/
De-duplicate Covid samples in the Analytics Data Warehouse

De-duplicate Covid samples in the Analytics Data Warehouse

Objective: Sometimes Covid test samples get registered twice with different HL7_Message_ID. Only one of these orders progresses through the process and the other one is left hanging and captured in Sample Tie-out report.

First step is to de-duplicate in PostgreSQL DB, this is done by somebody in TAO team.

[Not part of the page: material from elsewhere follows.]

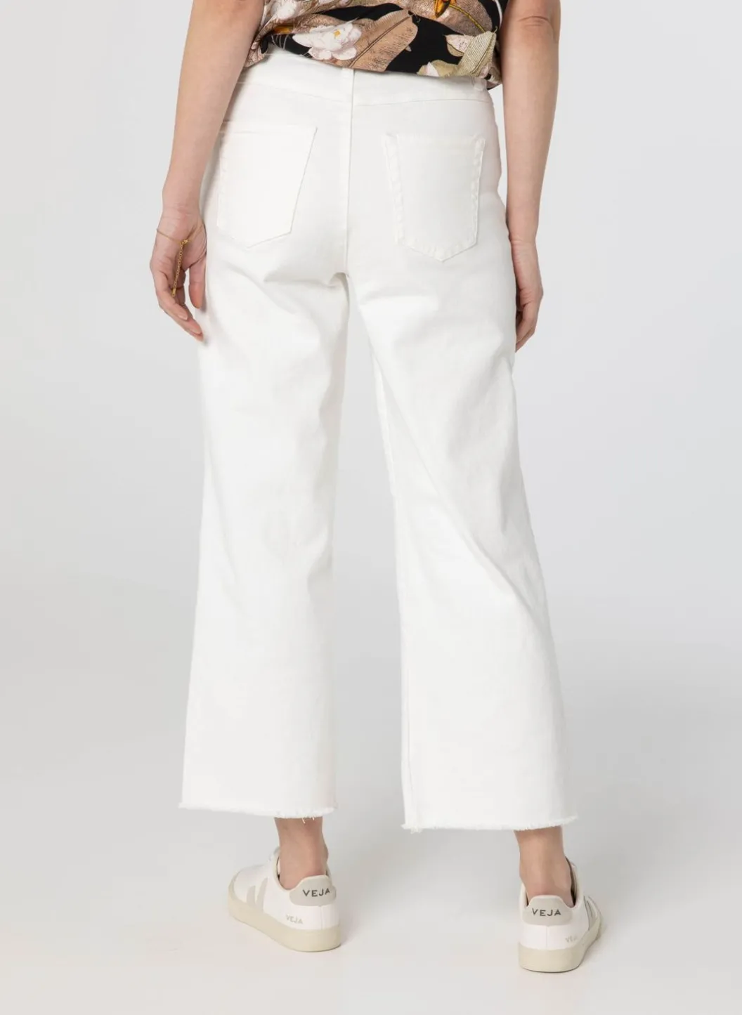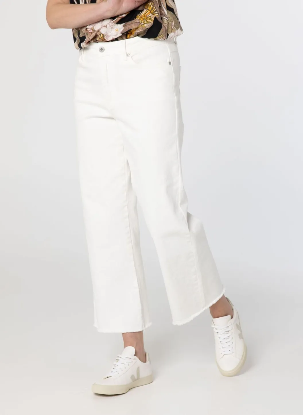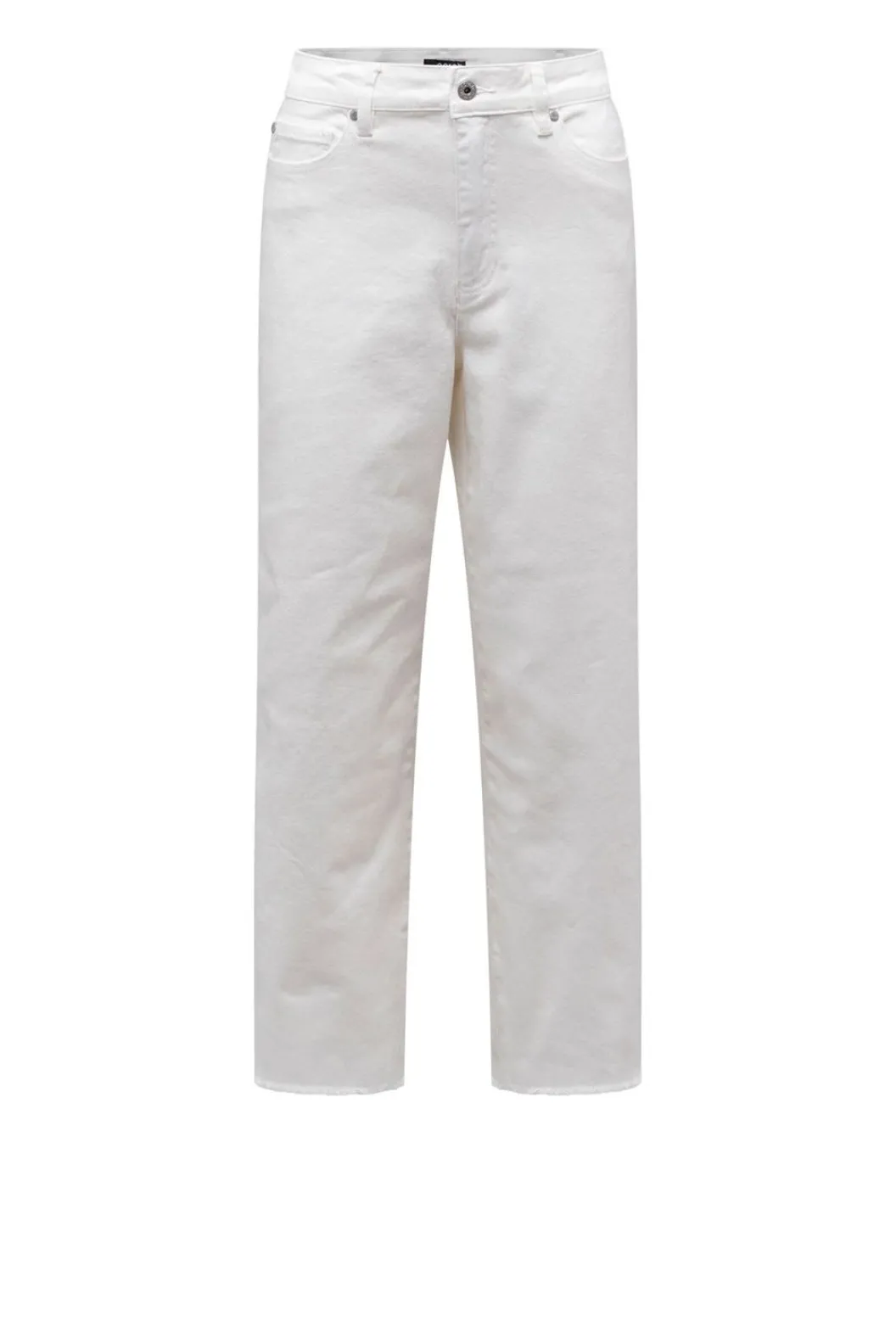 Een Effen Wide Fit 5-Pocket Spijkerbroek Gemaakt Van Een Katoenmix. De Broek Heeft Een Hoge Taille En Enkellange Onafgewerkte Broekspijpen.
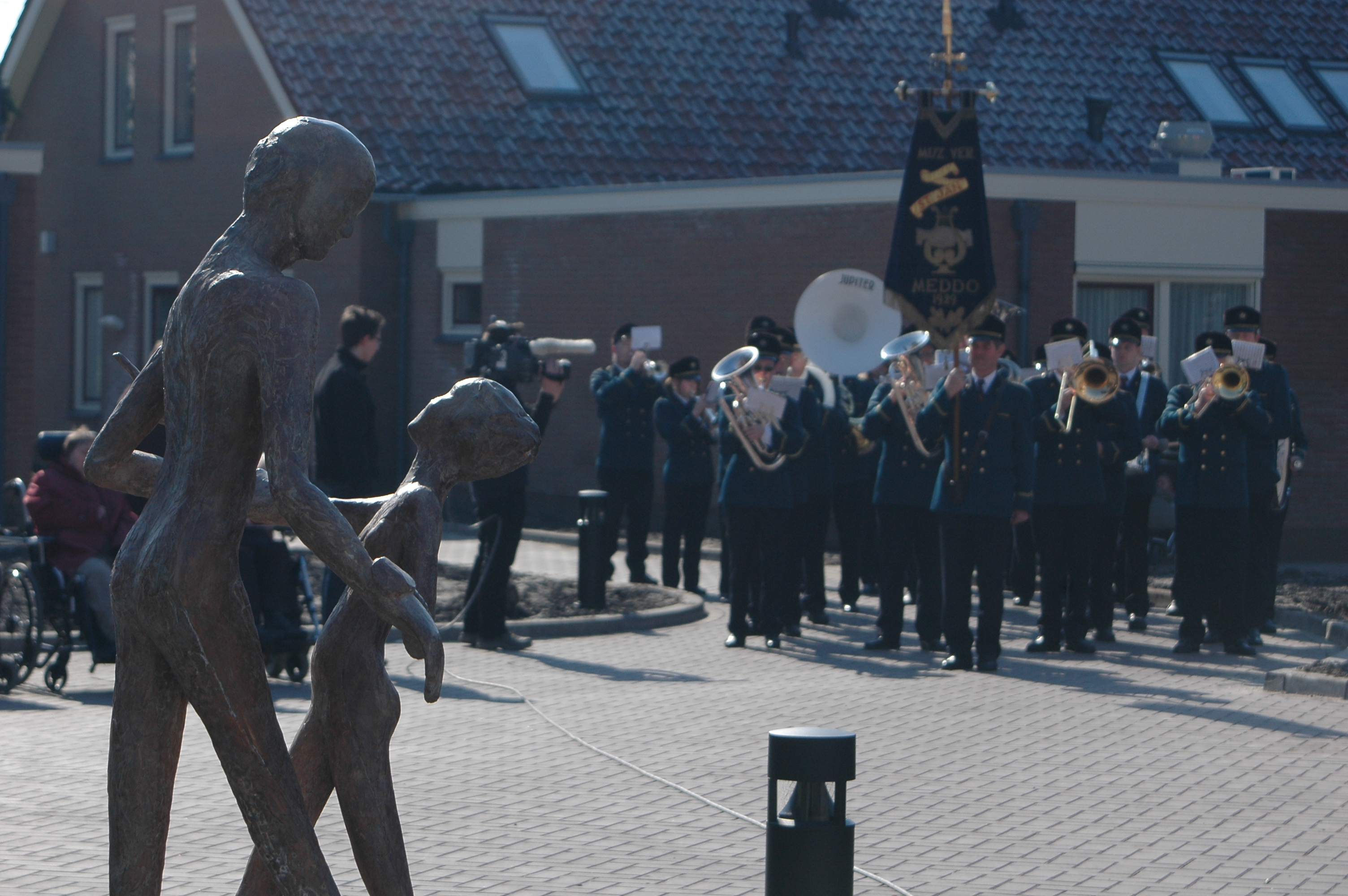 Het kind, lopend op de voeten van de volwassene, staat ook symbool voor het innerlijke kind dat in ieder mens schuilt. De herinneringen aan je jeugd worden steeds sterker naarmate je ouder wordt en er keren meer details terug. Dit ‘reminiscentie-effect’ is bij dementerende ouderen nog sterker. Zij leven soms geheel in hun jeugd, hoe pijnlijk dat ook kan zijn voor de omgeving. Ook die rolverwisseling van de oudere met het kind heb ik proberen uit te drukken in dit beeld. Het innerlijke kind dat ineens weer op de voorgrond staat.

Second step is to de-duplicate in the Analytics DWH, which will clear the Pod Tie out report.

Steps to de-duplicate in Analytics DWH:

  1. Check if de-duplication is done in PostgreSQL

    select a.sample_id, a.time_delivered, a.hl7_message_id from samples a WHERE a.sample_id IN ( 'CR-03633985', 'CR-03751106', 'CR-03751120' )

This query should return as many samples as there are in the filter.

2. Check if duplication exists in the Analytics DWH

SELECT * FROM analytics.beacon_samples a WHERE a.sample_id IN ( -- list of samples from the ticket 'CR-03633985', 'CR-03751106', 'CR-03751120' ) ORDER BY a.sample_id ; SELECT * FROM analytics.covid_pod_samples a WHERE a.sample_id IN ( -- list of samples from the ticket 'CR-03633985', 'CR-03751106', 'CR-03751120' ) ORDER BY a.sample_id

These queries should return 2 records per sample, one with a result, one without a result.

3. Identify the HL7_Message_IDs of the orders without a result:

 

SELECT * FROM analytics.beacon_samples a WHERE a.sample_id IN ( -- list of samples from the ticket 'CR-03633985', 'CR-03751106', 'CR-03751120' ) AND a.RESULT IS NULL

4. Delete the records with these HL7_Message_ID from ANALYTICS.BEACON_SAMPLES and ANALYTICS.COVID_POD_SAMPLES

 

5. Run the first query from this workflow to check if the records with results are still there and only those without results were deleted. If all looks good, then commit the transaction.

 

6. Check if Pod Tie out report has cleared out.